On Apr 23, 2021, the man offered the victim a ride home from work in a private-hire vehicle that he booked. During the journey, both men decided to go to the offender's home instead.

They engaged in unprotected sex in the victim's room after initial resistance from the victim.

Before this, the offender did not inform the victim of the risk of contracting HIV from him and did not obtain his voluntary agreement to accept that risk, said Ministry of Health (MOH) prosecutor Andre Moses Tan.

The offence was discovered on Sep 30, 2021, when an unidentified informant reported to authorities that the victim claimed he had been sexually assaulted by the offender.

At the time, the offender was already under investigation for having sex with another man on Oct 10, 2019, without informing him of the risk of contracting HIV.

The man was charged for that earlier offence on Oct 14, 2021, and it formed the charge taken into consideration.

VIRAL LOAD "NOT DETECTED"

A test of the man's HIV viral load in January 2021 indicated that it was "not detected", while another test in July 2021 indicated that it was "borderline" with less than 20 copies per millilitre, stated court documents.

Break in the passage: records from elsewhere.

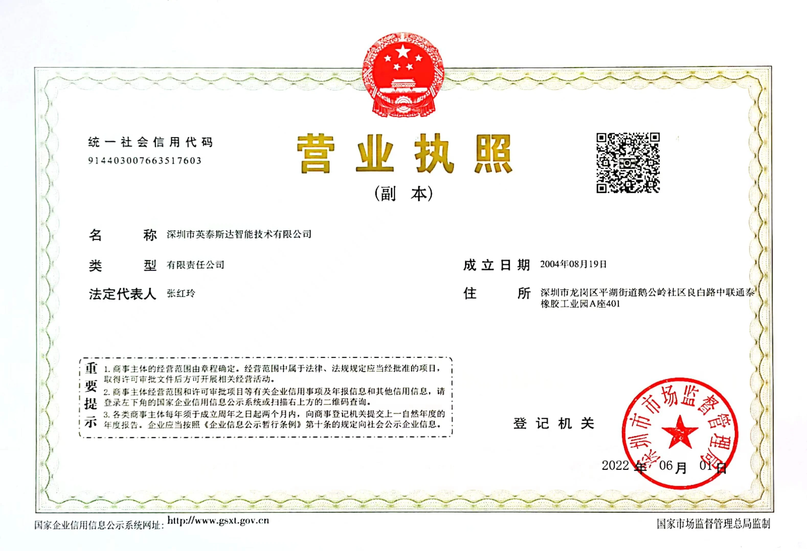 Registered address : 401, Building A, Zhonglian Tongtai Rubber Industrial Park, Liangbai Road, Egongling Community, Pinghu Street Shenzhen Guangdong China
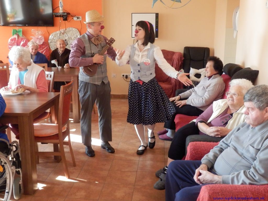 Dnes medzi nás zavítali Miška Pastorková - Klára a Demko Ján alias Silvester Bobuľa z červeného nosa. Prišli k nám už po druhýkrát, aby našich starkých pobavili a rozosmiali. A darilo sa. Starkí sa chytali na každé slovo, zaspievali si, zakrepčili.
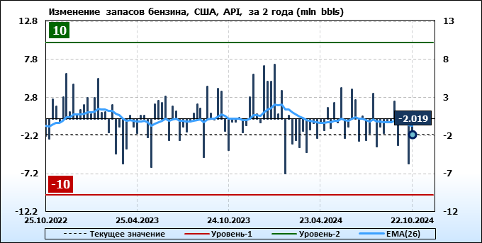 Запасы бензина в США по данным института API упали на 2.019 млн. баррелей.
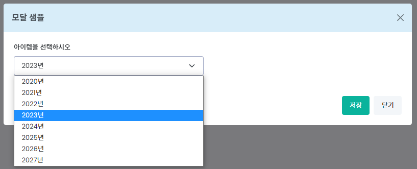 다음과 같은 modal 레이어를 하나 작성하고 그 안에 select 박스를 그려주었습니다. select 박스가 가지는 옵션은 년도 데이타를 가집니다. 데이타가 많아질 경우 검색 기능이 필요하므로 select2 를 적용해줍니다.

According to a memo from a National University Hospital doctor cited in court documents, there was no difference between a "borderline" and "not detected" viral load.

The doctor also said that "there was effectively no risk of transmission of HIV from a person with an undetectable viral load to a sexual partner", stated court documents.

No report on the man's viral load at the time of the offence in April 2021 was available. 

However, apart from the July 2021 result, his viral load consistently tested as "not detected" in tests taken every six months from November 2017 to January this year.

It was therefore accepted that his viral load was likely to be "not detected" or "borderline" at the time of the offence, stated court documents.

PROSECUTION AND DEFENCE ARGUMENTS

The prosecution asked for two years' jail, noting that "the risk of transmission is low as the accused's undetectable viral load means that there was effectively zero risk of transmission".

However, the offender did not inform the victim that he was HIV positive, exposed two different victims to the risk of transmission of HIV and also reoffended while under investigation, said Mr Tan.

"While the accused did not use a condom when he engaged in sexual activity with the victim, we accept that this is mitigated by the fact that there was effectively no risk of transmission," said the prosecutor.

Defence lawyer Sunil Sudheesan sought a high fine with no jail time, arguing that his client was unable to transmit HIV during the offences.

The man had consumed alcohol before the offence, including one bottle of vodka, which clouded his judgment, added the lawyer.

"Our client did not disclose any risk of transmission to the victims only because he knew that there was no risk of transmission at all," argued Mr Sudheesan.

"Afraid of the stigma against HIV, our client erroneously omitted to disclose the risk of transmission when it is zero."

The man has appealed against his sentence. He could have been jailed for up to 10 years, fined up to S$50,000 or both.